The study published today in”Science” was pioneered by Chase Beisel, professor at JMU and research group leader in HIRI, and Professor Cynthia Sharma from JMU’s Institute of Molecular Infection Biology (IMIB). “With LEOPARD, we succeeded in detecting RNA fragments from nine unique viruses,’ says Beisel. “We were also able to distinguish SARS-CoV-2 and one of its variants in a patient sample whilst confirming that each sample was correctly collected from the individual.”
CRISPR-Cas9 is principally known as a biomolecular tool for genome editing. Here, CRISPR-Cas9 be the molecular scissors that cut particular DNA sequences. These same scissors are naturally used by bacteria to cut DNA related to invading viruses.
Whether editing genomes or eliminating viruses, Cas9 cutting is directed by guide RNAs. The guide RNAs found in bacteria must pair with a separate RNA known as the tracrRNA.
An unexpected discovery
The tracrRNA was thought to only pair with guide RNAs coming from the antiviral system. However, the Würzburg scientists discovered the tracrRNA was pairing with other RNAs, turning them into direct RNAs.
When we searched for RNAs binding to Cas9 in our model organism Campylobacter, we surprisingly found that we detected not only guide RNAs, but also other RNA fragments in the cell that looked like guide RNAs. The tracrRNA was pairing with these RNAs, resulting in “non-canonical” guide RNAs that could direct DNA cutting by Cas9.”
Cynthia Sharma, Chair, Molecular Infection Biology II, Institute of Molecular Infection Biology
Sharma is also a spokesperson of the Research Center for Infection Diseases (ZINF) at JMU. The LEOPARD diagnostic platform builds with this discovery. “We figured out how to reprogram the tracrRNAs to decide which RNAs become guide RNAs,” says Beisel.
“By monitoring a set of matching DNAs, we can determine which RNAs were present in a sample based on which DNAs get cut. As part of this ongoing pandemic, LEOPARD could enable a doctor to figure out if the patient is infected with SARS-CoV-2, if it’s a special variant, and whether the sample was properly taken or needs to be replicated –all in one test.”
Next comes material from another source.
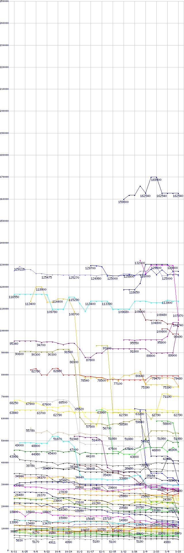 | 凡例 | Xeon X5355(2.66GHz) | Xeon E5345(2.33GHz) | Core 2 Extreme QX6700 (2.66GHz) | Core 2 Extreme X6800 (2.93GHz) | Xeon 5160(3GHz) | Core 2 Quad Q6600 (2.40GHz,L2 4MB×2) | Athlon 64 FX-74 (3.0GHz) ※2個セットの価格 | Xeon E5335(2.00GHz) | Xeon 5150(2.66GHz) | Athlon 64 FX-72 (2.8GHz) ※2個セットの価格 | Opteron 2220 (2.8GHz) | Core 2 Duo T7600 (2.33GHz,L2 4MB) | Athlon 64 FX-70 (2.6GHz) ※2個セットの価格 | Opteron 2218 (2.6GHz) | Xeon 5140(2.33GHz) | Core 2 Duo E6700 (2.66GHz,L2 4MB) | Xeon E5320(1.86GHz) | Opteron 2216 (2.4GHz) | Core 2 Duo T7400 (2.16GHz,L2 4MB) | Xeon 5130(2GHz) | Athlon 64 X2 6000+ (3.0GHz,L2 1MB×2) | Xeon E5310(1.60GHz) | Xeon 5120(1.86GHz) | Core 2 Duo E6600 (2.40GHz,L2 4MB) | Core 2 Duo T7200 (2.00GHz,L2 4MB) | Opteron 2214 (2.2GHz) | Xeon 5110(1.6GHz) | Athlon 64 X2 5600+ (2.8GHz,L2 1MB×2) | Athlon 64 X2 5400+ (2.8GHz,L2 512KB×2) | Core 2 Duo T5600 (1.83GHz,L2 2MB) | Opteron 2212 (2.0GHz) | Turion 64 X2 TL-56 (1.8GHz,512KB×2) | Core 2 Duo E6400 (2.13GHz,L2 2MB) | Athlon 64 X2 4600+ (2.4GHz,L2 512KB×2,Socket 939) バルク | Athlon 64 X2 5200+ (2.6GHz,L2 1MB×2) | Athlon 64 X2 5000+ (2.6GHz,L2 512KB×2) | Athlon 64 X2 5000+ (2.6GHz,L2 512KB×2,TDP65W) | Athlon 64 X2 4400+ (2.2GHz,L2 1MB×2,Socket 939) バルク | Core 2 Duo T5500 (1.66GHz,L2 2MB) | Opteron 2210 (1.8GHz) | Core 2 Duo E6300 (1.86GHz,L2 2MB) | Athlon 64 X2 4200+ (2.2GHz,L2 512KB×2,Socket 939) バルク | Core 2 Duo E4300 (1.80GHz,L2 2MB) | Pentium D 945 (3.4GHz) | Athlon 64 X2 4800+ (2.5GHz,L2 512KB×2,TDP65W) | Turion 64 X2 TL-50 (1.6GHz,256KB×2) | Athlon 64 X2 4400+ (2.3GHz,L2 512KB×2,TDP65W) | Pentium D 935 (3.2GHz) | Celeron M 520 (1.60GHz) | Athlon 64 X2 4600+ (2.4GHz,L2 512KB×2,TDP65W) | Pentium D 925 (3.0GHz) | Athlon 64 X2 4000+ (2.1GHz,L2 512KB×2,TDP65W) | Athlon 64 X2 4200+ (2.2GHz,L2 512KB×2,TDP65W) | Athlon 64 X2 3800+ (2.0GHz,L2 512KB×2,TDP65W) | Athlon 64 4000+ (2.6GHz,L2 512KB) | Sempron 3600+ (2.0GHz,L2 256KB) | Athlon 64 3800+ (2.4GHz,L2 512KB) | Athlon 64 X2 3600+ (1.9GHz,L2 512KB×2,TDP65W) | Pentium D 915 (2.8GHz) | Athlon 64 3800+ (2.4GHz,L2 512KB,TDP 45W) | Athlon 64 3500+ (2.2GHz,L2 512KB,TDP 45W) | Athlon 64 3500+ (2.2GHz,L2 512KB) | Athlon 64 3800+ (2.4GHz,L2 512KB,Socket 939) | Sempron 3500+ (2.0GHz,L2 128KB) | Pentium 4 641 (3.20GHz) | Athlon 64 3200+ (2.0GHz,L2 512KB) | Athlon 64 3500+ (2.2GHz,L2 512KB,Socket 939) | Pentium 4 631 (3GHz) | Sempron 3400+ (1.8GHz,L2 256KB) | Celeron D 360 (3.46GHz) | Geode NX 1500@6W (1GHz) バルク | Celeron D 356 (3.33GHz) | Celeron D 352 (3.20GHz) | Sempron 3200+ (1.8GHz,L2 128KB) | Celeron D 347 (3.06GHz) | Sempron 3000+ (1.6GHz,L2 256KB) | Sempron 2800+ (1.6GHz,L2 128KB) | ※製品名をクリックすると個別のグラフを表示します ※点線部は販売店が確認できなかった、または調査データがないことを示します |

Later on, LEOPARD’s performance could dwarf even multiplexed PCR tests and other methods.
“The work highlights the fantastic collaborative and interdisciplinary research taking place here in Würzburg,” says Jörg Vogel, manager of IMIB and HIRI, a joint centre of JMU with the Helmholtz Center for Infection Research in Braunschweig. “LEOPARD impressively demonstrates that we are able to cover the complete spectrum of complementary cutting-edge study in Würzburg, from the essentials of RNA research to clinical applications”
Jiao, C., et al. (2021) Noncanonical crRNAs derived from host transcripts enable multiplexable RNA detection by Cas9. Science. doi.org/10.1126/science.abe7106.